Discussion
In this large, prospective cohort study of middle-aged and older Swedish women, we did not observe an association between coffee consumption and fracture risk. Previous studies on consumption of coffee or intake of caffeine and fracture risk in women have shown discrepant results. Some demonstrate increased risk of fractures with high intakes, whereas others were unable to demonstrate such an association. In contrast to our present results, we have previously observed an increased rate of osteoporotic fractures in women consuming at least 4 cups of coffee per day in a subset of the present cohort. Limitations of our previous analysis, some of which were shared with other studies, were a shorter maximum follow-up time (13 vs. 21 years), a lower number of fracture cases, and, most importantly, incomplete case ascertainment (because we were able to identify only fractures that occurred in the county in which the study was performed). In the present study, we have complete case ascertainment by matching to nationwide inpatient and outpatient registers that include a large number of fractures. Furthermore, we previously were not able to adequately control for lifestyle habits and comorbidity, which could potentially influence the association, although adjustments in our present study did not confer major changes on the estimates.
In our prior analysis, we found that the higher risk of fracture with high coffee intake was concentrated in women with a modest calcium intake. This effect modification was not confirmed in the present analysis. In the SMCC we estimated the associations by vitamin D status. Unexpectedly, we found a somewhat stronger association between coffee intake and BMD among women with vitamin D values higher than 50 nmol/L. A low vitamin D level might reflect frailty, and in the subgroup with low vitamin D values, the association between coffee consumption and bone density might have been overshadowed by factors related to frailty that more strongly influence BMD.
In the majority of studies investigating associations between coffee/caffeine consumption or intake and BMD in women, no association could be demonstrated, whereas such associations have been observed in some studies. Several explanations are possible for the absence of association in these studies, including small study size, low consumption of coffee, or lack of separate assessment of tea and coffee consumption. The small differences in BMD associated with coffee consumption in the present study do not seem to impact the risk of osteoporosis or incident fractures. Importantly, earlier research has shown that the influence of BMD, versus accidental fall–related factors, on fracture rate is more modest in the oldest-old than in young-old individuals. Theoretically, the small decrease in BMD associated with high coffee consumption might be counteracted by a reduced likelihood of hypotension and comorbidities, leading to a lower propensity for injurious falls.
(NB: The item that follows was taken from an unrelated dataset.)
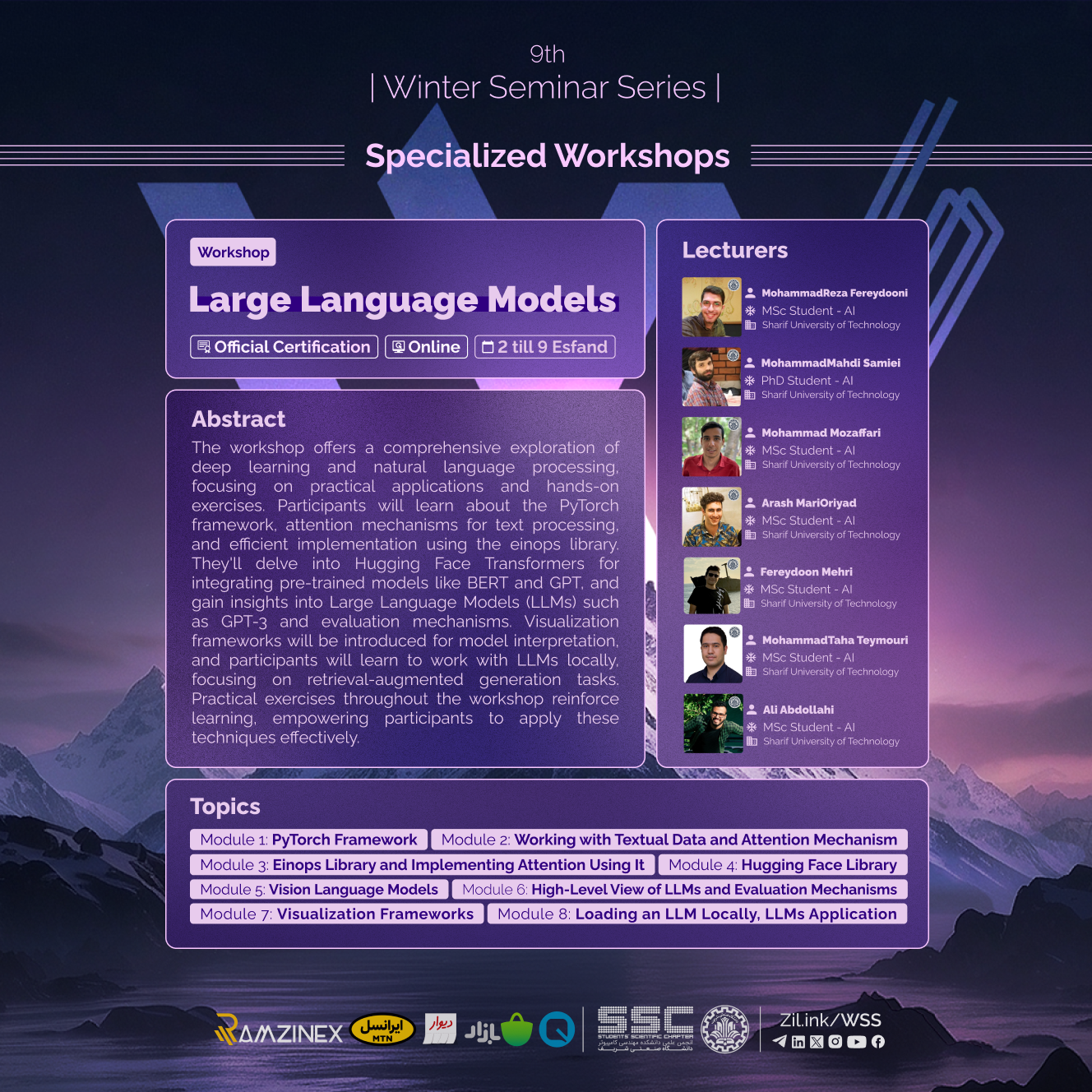 The workshop offers a comprehensive exploration of deep learning and natural language processing, focusing on practical applications and hands-on exercises. Participants will learn about the PyTorch framework, attention mechanisms for text processing, and efficient implementation using the einops library. They'll delve into Hugging Face Transformers for integrating pre-trained models like BERT and GPT, and gain insights into Large Language Models (LLMs) such as GPT-3 and evaluation mechanisms. Visualization frameworks will be introduced for model interpretation, and participants will learn to work with LLMs locally, focusing on retrieval-augmented generation tasks. Practical exercises throughout the workshop reinforce learning, empowering participants to apply these techniques effectively.

The net effect could therefore be no substantial excess risk of fracture. No association between coffee consumption and fall risk was observed in our study, but self-reported falls might not accurately reflect actual injurious falls.
Strengths and Limitations
Several strengths of the study deserve consideration. Because of the high incidence of fractures in our setting, together with a long follow-up, we were able to identify a large number of incident fractures with high accuracy and complete coverage. We were also able to study BMD as a secondary outcome in a large subcohort. The use of repeated FFQs is likely to have reduced measurement error in exposure information. A generally high consumption level in combination with considerable range in the consumption of coffee in this cohort constitutes an additional major strength. Finally, tea consumption is low in this cohort, which might be another advantage in that, for example, the flavonoid compounds in tea could have estrogen-like positive effects on bone.
The study has some weaknesses that should be addressed. Although conclusions about causality cannot be drawn, the prospective design limits the potential for participants to provide selective information because of recall bias or changes in dietary habits due to the fracture event. It might not be possible to generalize the results to women of different ethnic origins or to men. The self-administered questionnaires did not include reference to the size of a cup of coffee, which could have led to misclassification because the volume of a cup can range from 150 to 250 mL (or even larger). Nevertheless, a validation study indicated that the reported coffee consumption seems to be a reasonable estimate of the exposure. Information on caffeinated soft drinks was not available. Consumption of soft drinks (any kind) was low, with 1.4% of the women consuming 1 can of soda or more each day. We did not exclude fractures that were due to high trauma because there are indications of a comparable increased risk of both low- and high-trauma fracture with decreasing bone density in the elderly and because cause-of-injury coding can be inaccurate. However, we were able to analyze time to a second fracture, which theoretically would be a better measure of osteoporotic fracture risk than a single fracture, but no increased risk of fracture was observed.
Although we were able to adjust our associations for several potential covariates, including comorbidities, there still could be residual confounding. Information on smoking and physical activity was available from only the second questionnaire, and data for these variables were imputed for the baseline investigation. However, imputation is less likely to introduce bias than is performance of complete-subject analysis, and our sensitivity analyses without time-updated covariates did not change our conclusions. Finally, a genetic variant of the vitamin D receptor might render carriers more susceptible to the effects of caffeine on bone. Genetically determined differences in the metabolism of caffeine might also be of relevance in this context, but genotyping was not done in the present study.
The lack of increased risk of fractures in our study, even among women consuming high amounts of coffee, is important. This ends a long-running debate about coffee as a potential risk factor for osteoporotic fractures, at least in women.